Is it therefore possible, more than 200 years later, to assess this claim and the ethical standard of Jenner's work in its historical context? This paper looks at a (hypothetical) review of Jenner's experiment and discusses its ethical dimensions.
THE BERKELEY LOCAL RESEARCH ETHICS COMMITTEE 1795
DRAMATIS PERSONAE
Chairman of the Berkeley REC
The rector of Berkeley
Zebediah Cowstock, a local farmer
Mr John Moore
Archibald Turner, the town apothecary
Dr Reginald Arbuthnot, a local doctor
Lady Sarah Wright
Dr Edward Jenner
CHAIRMAN
"Members, thank you for attending. Dr Jenner has kindly agreed to attend and discuss his application."
EDWARD JENNER
"Mr Chairman, my work is designed to explore how we might prevent people contracting smallpox, and I believe cowpox, a disease in our countryside, may hold the answer. What I have suggested in my application may seem dangerous but I would propose it is no more than an improvement of current preventive measures based on our modern experimental methods. Let me place my work in context. Smallpox is a serious threat to our community and our current methods for prevention carry significant risk of death and disfigurement. This technique is called "variolation" and uses fluid from smallpox vesicles. I believe that fluid from cowpox vesicles could protect more safely and that there are persuasive theoretical reasons to believe inoculation for the cowpox will be of greater benefit than current variolation. My modification to this technique is based on a long history of country folklore, supported by my own observations.

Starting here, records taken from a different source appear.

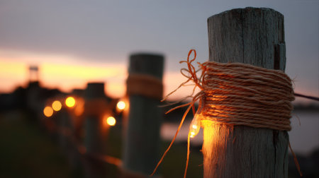 Experience a tranquil evening scene featuring rustic wooden posts adorned with soft string lights, creating a warm atmosphere against a colorful sunset sky.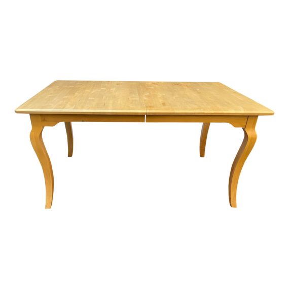 Design Plus Gallery presents a Vintage Dining Table. The natural color allows the sculptural quality of the legs to star, while allowing the texture of the woodgrain to show through. The table expands from 60-75 inches long with the use of leaf, included. Visible surface wear; fair condition. Made in USA.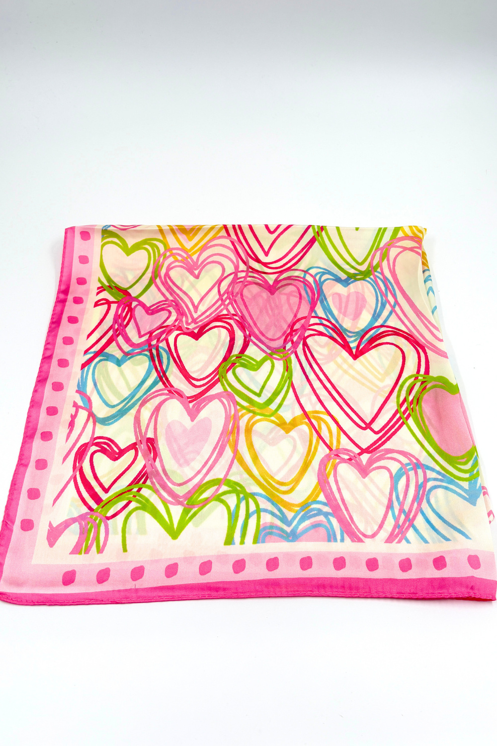 Zachte sjaal met roze/witte basis en een harten-motief. Te dragen om de nek, maar ook leuk in het haar of aan een tas te knopen.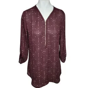 Maurices Zip Front Roll Sleeve Top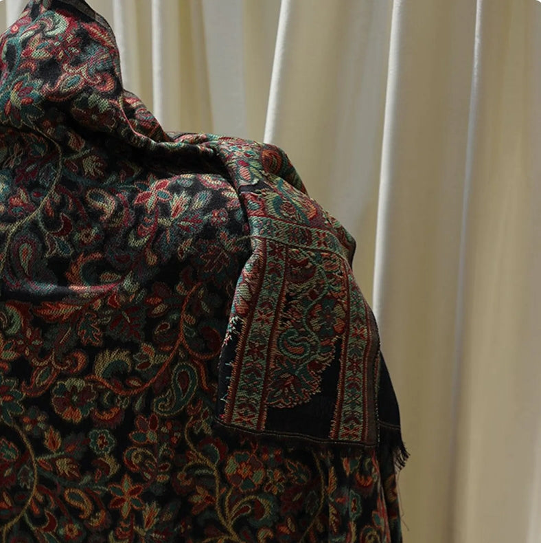 Meticulously crafted, each scarf is one-of-a-kind, available in limited quantities and sizes, ensuring you wear a distinctive piece that truly stands out. With its timeless design and high-quality craftsmanship, this scarf serves as a statement accessory, elevating your look while celebrating the rich cultural artistry from which it originates.
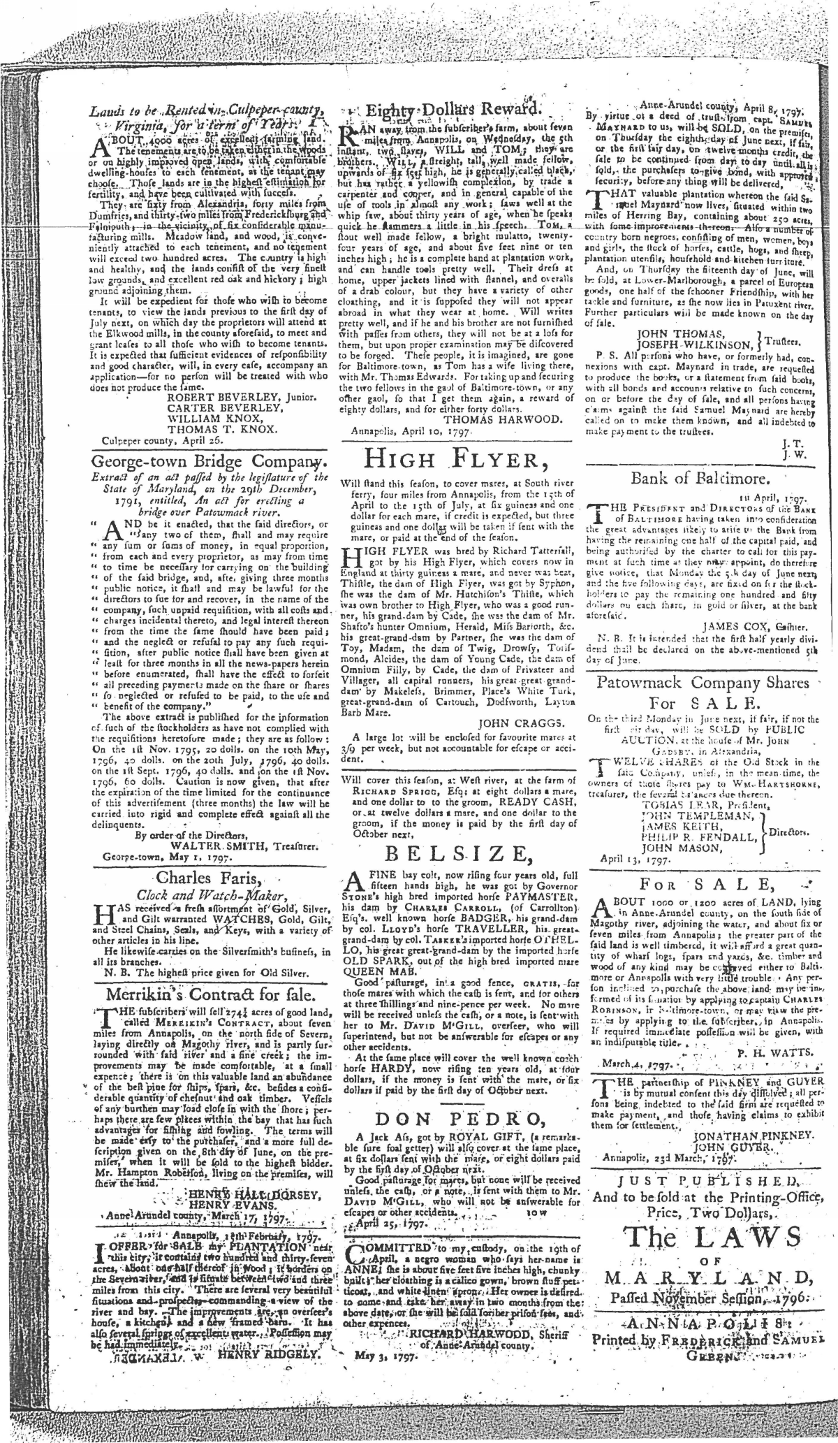 Maryland Gazette Collection MSA SC 2731 January 1, 1795 - December 29, 1803 M 1285 A Publication of the Archives of Maryland Online Image No: 518 Enlarge and print image (3M) |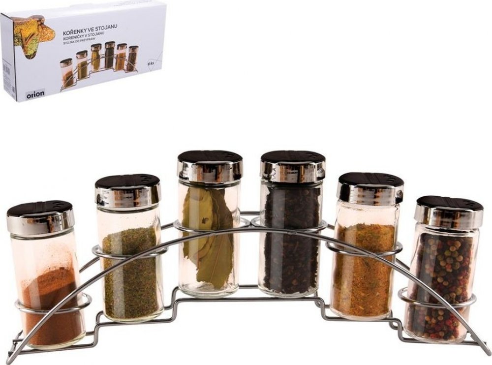 Kořenka sklo/UH 6 ks+stojan kov od ORION domácí potřeby nejlevněji na Dometa.cz. Praktický stojan na koření ORION s 6 skleněnými kořenkami a plastovými víčky, ideální pro vaši kuchyni. Drátěný stojan se 6ti kořenkami od značky ORION je skvělým pomocníkem pro každého, kdo miluje mít své oblíbené koření na dosah ruky. Tento praktický stojan můžete umístit kdekoliv na kuchyňskou linku, kde zrovna pot...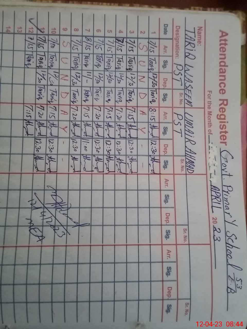 | Name: TA**** WA**** Designation: (School Headmaster's/Headmistress's) PST Phone/Cell Number: 03**** |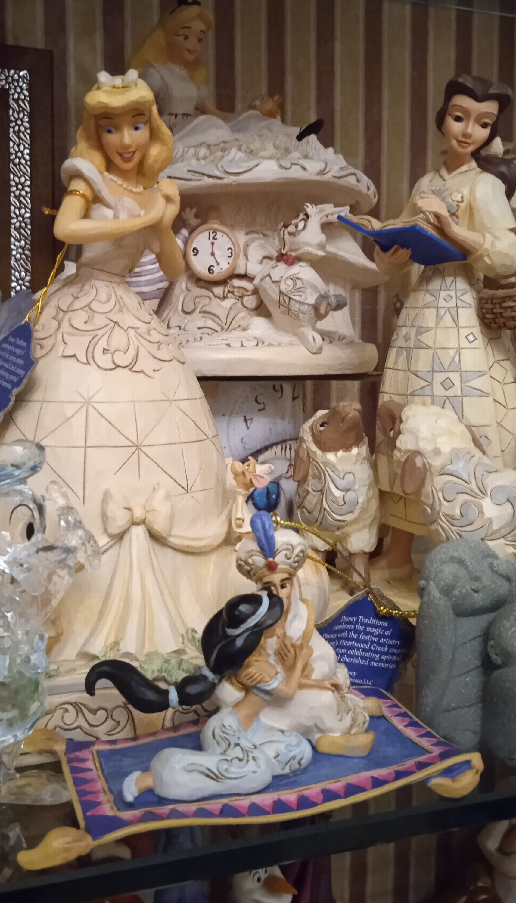 Pendentif Aladdin et Jasmine de la collection Disney Traditions de Jim Shore. Ces figurines ne sont pas des jouets. Réservé aux adultes.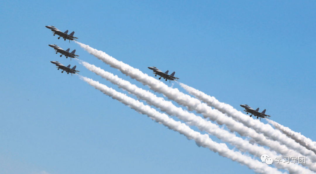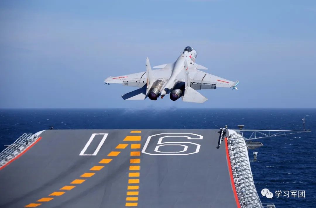 又一個飛行日,又一批雄鷹礪翅。從指揮塔臺眺望,一架架殲-15戰機正沖出滑躍甲板,奮飛在強軍興軍的勝利航道上……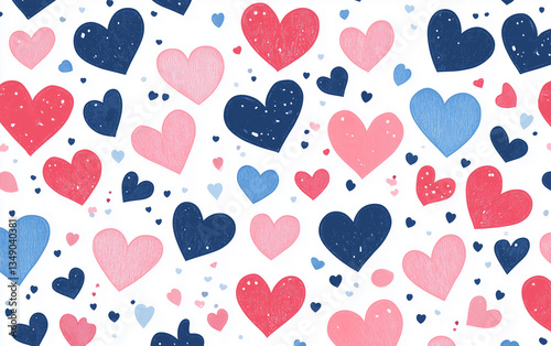 Colorful Hearts Pattern: Pink, Red, Blue Valentine's Day Background on White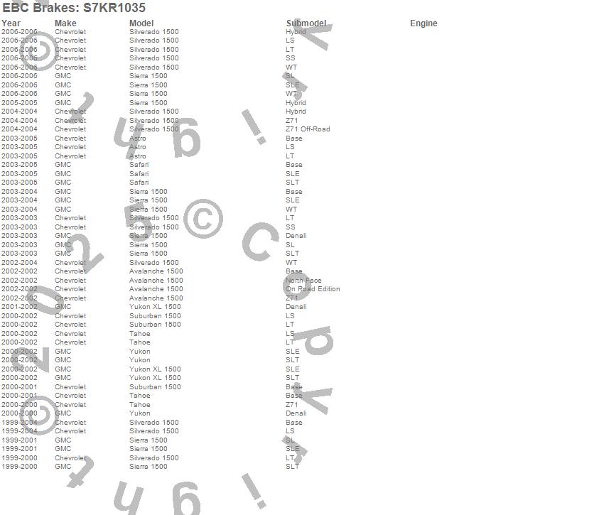 Below is an abbreviated list of applications for the S7 Kits Orangestuff and BSD Rotors.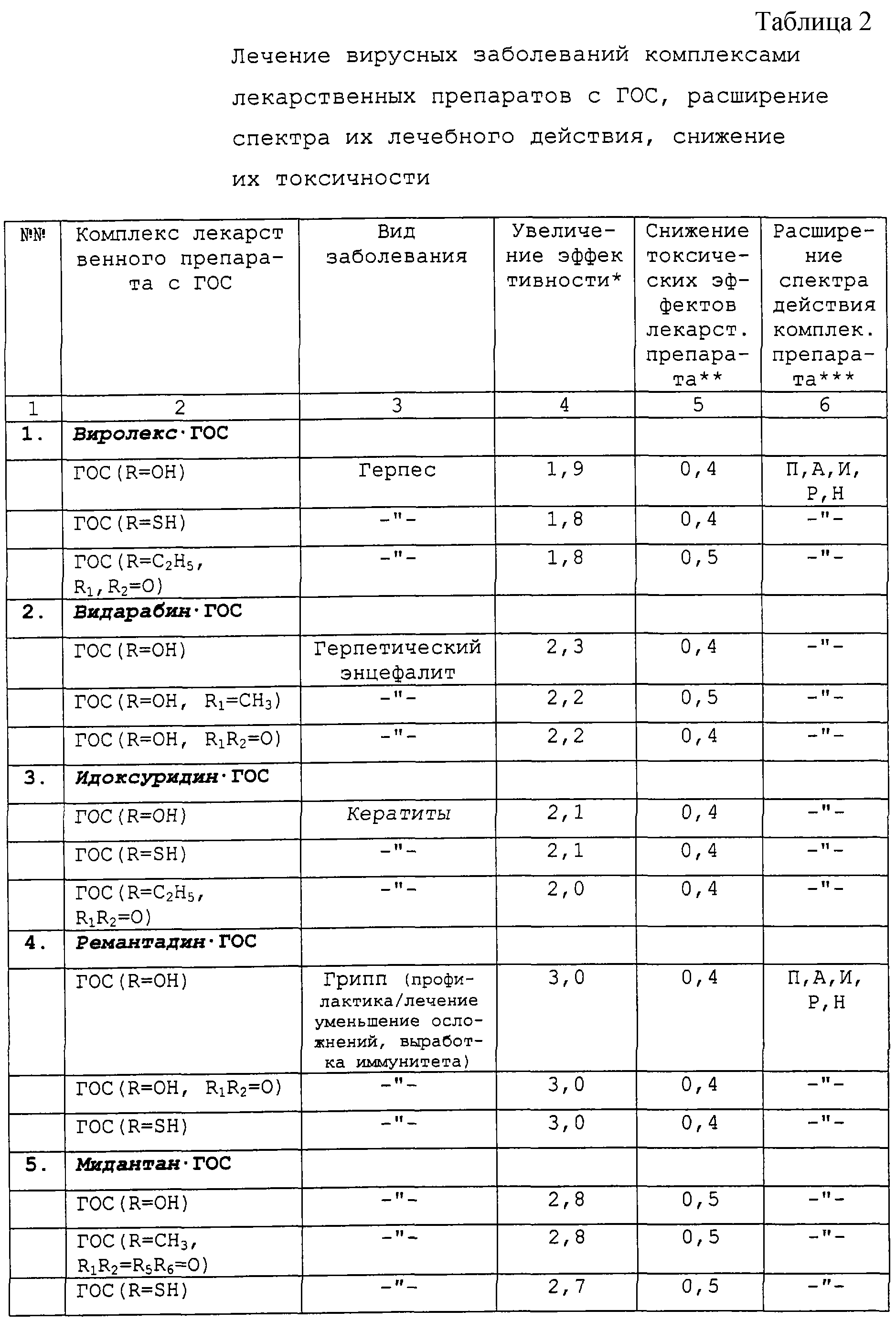 ГОС образуют комплексы со всеми известными противовирусными препаратами, относящимися к производным адамантана (Мидантан, Ремантадин), к аналогам нуклеозидов (Зидовудин [Ретровир], Виролекс, Ганцикловир, Видарабин, Идоксуридин, Метисазон, Оксолин, Рибамидил) и другими.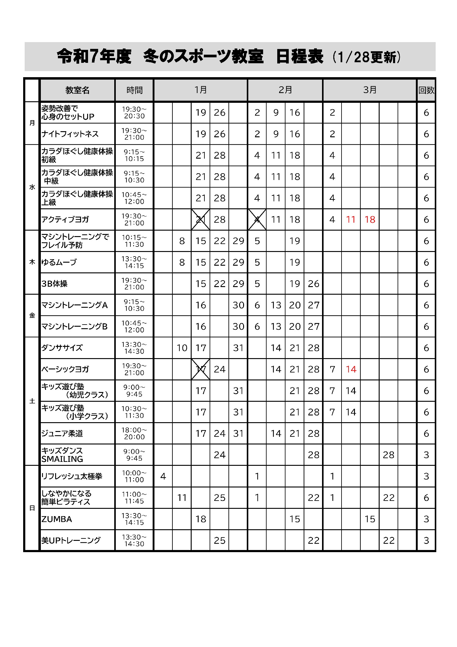 2026.1.22 令和7年度大田総合体育館冬のスポーツ教室「ENJOY」の日程を作成しました。ダウンロードはこちらをクリックしてください。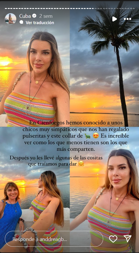 En una imagen compartida sobre las playas, Andrea destacó que no necesitaban ningún filtro, a lo que una usuaria de la red respondió: “Las playas no necesitan filtro, querida Andrea, pero la vida real que se vive en Cuba si necesita mucho filtro. Tristemente, el privilegio que tienen ustedes, los extranjeros no lo tiene el cubano”.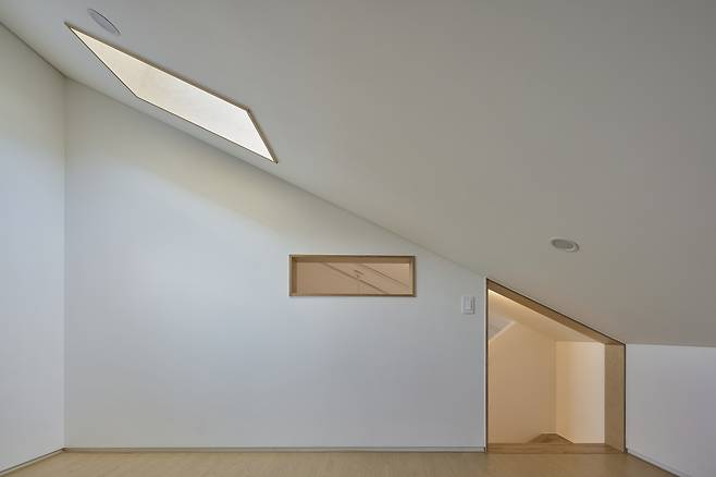 건축주는 음악을 전공한 아내가 집에서도 개인 수업을 할 수 있는 별도의 공간을 염두에 두고 대로변에 접한 대지를 선택했다. 그런 건축주의 생각에 맞춰 주거공간의 역할을 하면서도 수업공간이 구분되는 계획이 필요했다. 우선 법정 건폐율이 50%라는 이점을 살려 단층주택을 제안했다. 그리고 적절하게 동선이 분리되면서도 주어진 예산 안에서 낭비되는 공간이 없는 효율적인 배치를 고민했다. 오전~오후에는 아이들을 가르치는 수업공간이자 저녁에는 가족이 사용하는 공간이 되도록 멀티룸을 계획하기로 했다. 또 두 딸을 위한 다락도 추가로 마련하기로 했다.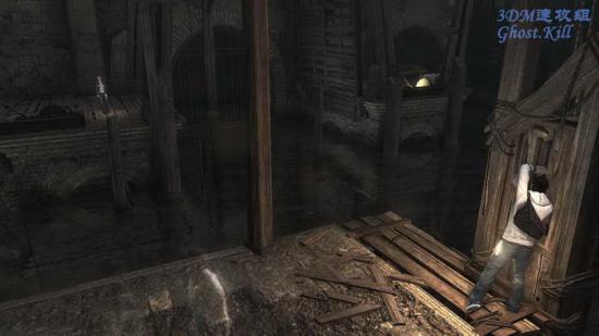 怕上面的柱子后跳到两边的平台,使用两个操作杆把房间中央的池子注满水, 水满了后一根柱子会倒塌,把中间的水池砸开,从砸开的大洞跳下去。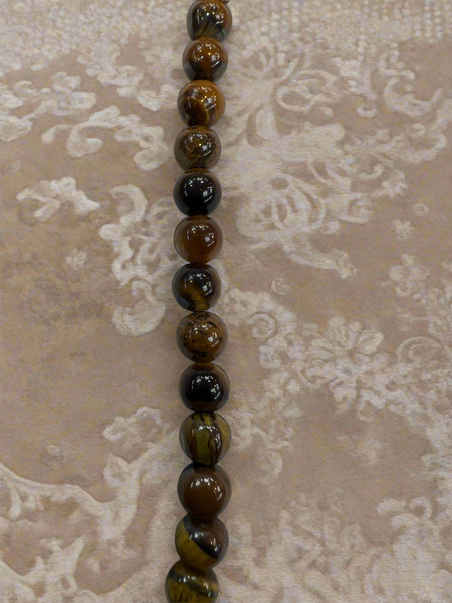 This beautifully crafted tasbih features 100 polished tiger eye stone beads, known for their warm golden-brown tones and natural, light-reflecting shimmer. Each bead is smooth and carefully selected to highlight the unique patterns of the stone.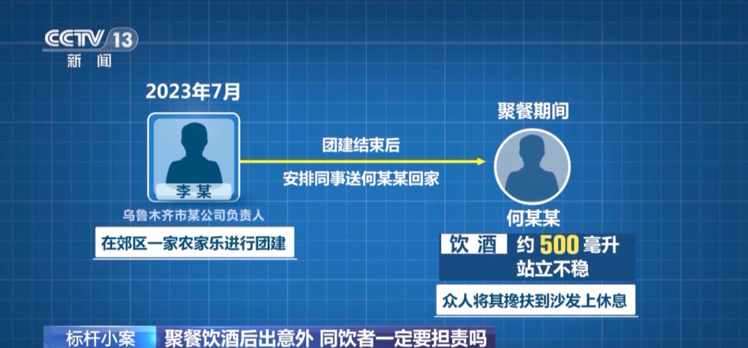 2023年7月,乌鲁木齐市某公司负责人李某组织员工在郊区一家农家乐进行团建。聚餐期间,何某某饮酒约500毫升,继而站立不稳,众人将其搀扶到沙发上休息。团建结束后,李某安排同事送何某某回家。

Much effort has been spent in trying to prevent smallpox, starting in this country when Lady Mary Montague, wife of our ambassador in Constantinople, brought the technique of inoculation for the smallpox (variolation) to England. Variolation is achieved by placing a small amount of the fluid from a smallpox blister into a small cut on the recipient's skin. It suffered setbacks, the deaths of the Earl of Sunderland's 2 yr old son the...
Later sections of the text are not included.